February 2009 or: How Not to Kill Yourself

On February 1, I attempted suicide. I had purchased materials within the past month, and had everything I needed to produce hydrogen cyanide. When I finally began the process, I was unable to get the gas to condense correctly, so I turned off the burner and stoppered the apparatus. However, I had inhaled enough that my heart began to race and I passed out. Two hours later, I awoke because I had to pee.

My breath was coming in gasps because of the cyanide. It took about twenty minutes to even stand up. I stumbled across the room to unlock the door, and called the cops. As I was on the phone with the dispatcher, I got a call from Alan. I decided it would be bad form to switch over on an emergency call. Moments later the cops barged in. I stumbled out of my room to the stretcher, and they wheeled me out. On the way through the lobby, the evacuees from my floor looked scared for some reason.

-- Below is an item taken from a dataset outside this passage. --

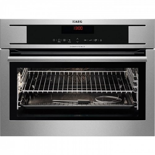 AEG KP8404001M solo inbouw oven 45 cm Omschrijving Multifunctionele heteluchtoven Energie efficiëntieklasse A MaxiTray™ bakplaat: 20% groter dan een standaard plaat Touch Control bediening Kerntemperatuursensor Voorgeprogrammeerde recepten Geheugenfunctie voor vaak gebruikte instellingen Kinderbeveiliging Easy-to-clean email Vlekvrij roestvrij staal Snelopwarmfunctie Technische gegevens Model Inbouw Type oven Hetelucht oven Netto oveninhoud (liter) 44 Lengte aansluitsnoer (m) 1.5 Aansluitwaarde (Watt) 3000 Kleur vingervlekvrij roestvrij staal Inbouwmaten hxbxd (mm) 450x560x550 Afmetingen hxbxd (mm) 455x594x567 De hoogste normen voor een schone oven Maak kennis met Pyroluxe®Plus. Dit systeem maakt as van alle etensresten zodat deze gemakkelijk kunnen worden weggeveegd. Betere prestaties en efficiënter energieverbruik Het slimme ThermiC°Air-convectiesysteem zorgt ervoor dat de warme lucht gelijkmatig in de ovenruimte circuleert voor een sneller en energiezuiniger bereidingsproces. Alle vereiste informatie op deze geavanceerde interface ProSight Plus is een geavanceerde gebruikersinterface dat een groot LCD-display met volledige tekst combineert met aanraakbediening. Het geeft de nodige informatie en 90 recepten weer Bak zelfs de grootste ladingen perfect In vergelijking met standaard bakplaten is deze extra grote MaxiTray™ bakplaat 20% groter, waardoor u nog grotere partijen heerlijk gebakken lekkers kunt bereiden. Vlees bereiden geheel naar uw eigen smaak Met de braadthermometer bent u in staat om voor elk vleesgerecht perfecte resultaten te bereiken. De oven wordt uitgeschakeld als het vlees een vooraf ingestelde temperatuur bereikt. Eigenschappen Algemene kenmerken Bouw Inbouw Categorie Solo oven Levertijd 1 t/m 3 werkdagen Merk AEG Ook bekend als Technische details Lengte snoer 1.5 m Gewicht en omvang Breedte 59.4 cm Diepte 46.7 cm Gewicht 30.8 kg Hoogte 45.5 cm Inbouw breedte 56 cm Inbouw diepte 55 cm Inbouw hoogte 45 cm nis hoogte 45 cm Energie AC invoer voltage 220-240 V Energie-efficiëntieklasse A+ Energieverbruik (conventioneel) 0.85 kWu Energieverbruik (geforceerde convectie) 0.59 kWu Netbelasting 3000 W Stroom 16 A Oven 1e oven binnen capaciteit 44 l Aantal ovens 1 Convectie koken Ja Grill Ja Grootte oven Middelmaat Koken Ja Ontdooifunctie Ja Snelle hitte Ja Soort oven elektrisch Thermostaat bereik (1e oven) 30 - 250 °C Totaal vermogen van de oven 3000 W Totale binnen capaciteit (ovens) 44 liter Vermogen van de 1e oven 3000 W Zelfreinigend Ja Ergonomie Kinderslot Ja Makkelijk schoon te maken Ja Restwarmte-indicator Ja Design Beeldscherm type LCD Controle positie Voorkant Deurscharnieren Neer Geïntegreerde klok Elektronisch Ingebouwd display Ja Kastontwerp Ingebouwd Kleur van het product RVS Soort bediening Touch

The only thing I remember from the ambulance ride was saying “this oxygen tastes like shit,” which absolutely no one found funny. I had to answer questions about how I procured cyanide about fifteen times. Somehow it was hard for them to grasp that I bought the chemicals on eBay and Walmart. Once I got to the hospital, I was catheterized and given an antidote intravenously. It made my urine purple for a week.

Apparently my situation was quite serious, but no one told me. Thinking back, one of the nurses did say something like “you might not make it through the night,” but I thought she was just being nice.

In Lincoln, suicides are put in emergency protective custody in the Lancaster County Crisis Center. After a good visit on the 2nd from several friends (and Vice Chancellor of Student Affairs Juan Franco), I was shipped there and put on Zoloft. I have yet to discern a change from the meds.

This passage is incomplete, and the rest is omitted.